Allo stesso tempo, anche la diplomazia informale sta facendo passi avanti in modo silenzioso. Secondo Axios, funzionari statunitensi e iraniani hanno riaperto canali di comunicazione diretti, segnando un cambiamento rispetto ai precedenti colloqui indiretti.

Anche se non sono negoziati formali, ciò indica sforzi iniziali di de-escalation.

Nel frattempo, le condizioni economiche stanno rendendo la tempistica ancora più stringente. Lo Stretto di Hormuz continua a essere interrotto e il prezzo del petrolio è salito sopra i $100, aumentando i rischi di inflazione a livello globale.

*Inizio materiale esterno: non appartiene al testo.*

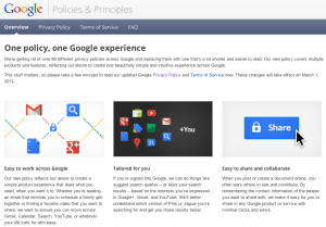 As of March 1, 2012, Google will be replacing its 60+ privacy policies with one. In an effort to try and simplify terms for users to better understand, all the Google services’ policies will be combined into one. Google’s new, shorter privacy policy will allow them to share users data across their applications (YouTube, Gmail, etc).
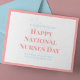 Celebre el Día Nacional de las Enfermeras con un toque de elegancia y afecto. Esta tarjeta postal presenta una proclamación sincera en tipografía roja suave y sombreada, que declara con audacia "Feliz Día Nacional de las Enfermeras" sobre un fondo blanco prístino. Enmarcada por un delicado borde rosa que añade un toque sutil de color, la tarjeta transmite un mensaje sincero de gratitud con un diseño discreto pero impactante. Es un gesto perfecto para mostrar aprecio a las enfermeras que dedican sus vidas a cuidar a los demás, con un diseño clásico y contemporáneo.

Anche gli alleati europei e asiatici hanno respinto le richieste degli Stati Uniti di schierare navi da guerra, limitando così la capacità di Washington di intensificare il conflitto.

Prezzo del petrolio greggio dall’inizio della guerra in Iran
Prezzo del petrolio greggio dall’inizio della guerra in Iran. Fonte: Oilprice.com

Anche la pressione dell’opinione pubblica sta aumentando. Con l’avvicinarsi delle elezioni di metà mandato, l’opposizione interna alla guerra cresce, aumentando l’urgenza di una strategia di uscita chiara.

Storicamente, conflitti come la guerra tra Russia e Ucraina sono durati anni.

Tuttavia, gli analisti spiegano che questo conflitto è strutturalmente diverso. Lo shock economico e i vincoli geopolitici rendono insostenibile una guerra prolungata.

Considerando tutti questi segnali, la direzione è una sola. I mercati si aspettano che gli Stati Uniti dichiarino qualche forma di successo strategico ed escano dal conflitto entro la metà del 2026, invece di lasciare che la guerra si prolunghi nel tempo.